Publication year - 2010
Publication title -
clinical and experimental dermatology
Language(s) - English
Resource type - Journals
SCImago Journal Rank - 0.587
H-Index - 78
eISSN - 1365-2230
pISSN - 0307-6938
DOI - 10.1111/j.1365-2230.2010.03847.x
Subject(s) - medicine , vasculogenesis , erythropoietin , progenitor cell , bone marrow , wound healing , stem cell , endothelial progenitor cell , angiogenesis , pathology , immunology , biology , genetics
Summary Systemic sclerosis (SSc) is often complicated by severe skin ulcers that are unresponsive to traditional treatments. Vascular alterations are responsible for the ischaemic features of the disease in both the skin and visceral organs. Defective neoangiogenesis correlates with an abnormally reduced quantity of circulating endothelial progenitor cells (EPCs) caused by impaired maturation potential and proliferative capacity of bone‐marrow endothelial stem cells.
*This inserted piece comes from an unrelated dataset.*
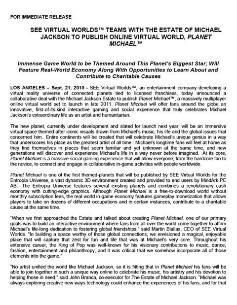 MJ財団が、LAのゲーム会社 SEE Virtual Worlds社と 2011年の展開を目指した
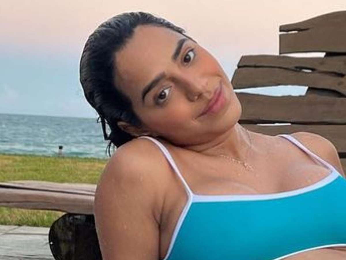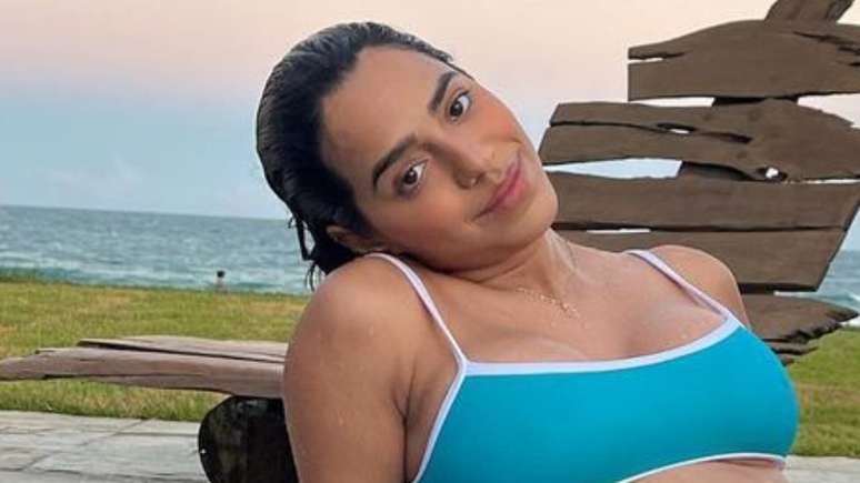 Grávida, Mirella Santos posa de biquíni e mostra barrigão enorme

We report a patient with nonhealing cutaneous ulcers successfully treated with recombinant human erythropoietin (rHuEPO). The possible biological effects of this drug were also investigated. Before rHuEPO treatment, the bone‐marrow sample contained reduced numbers of EPCs, which were functionally impaired. After a 6‐month rHuEPO cycle, a marked increase in endothelial progenitor markers was seen, along with a significant reduction in their apoptotic rates. The clinical and laboratory data variations before and after rHuEPO treatment give new insights into the pathogenetic role of impaired endothelial stem‐cell maturation and defective neoangiogenesis in patients with SSc.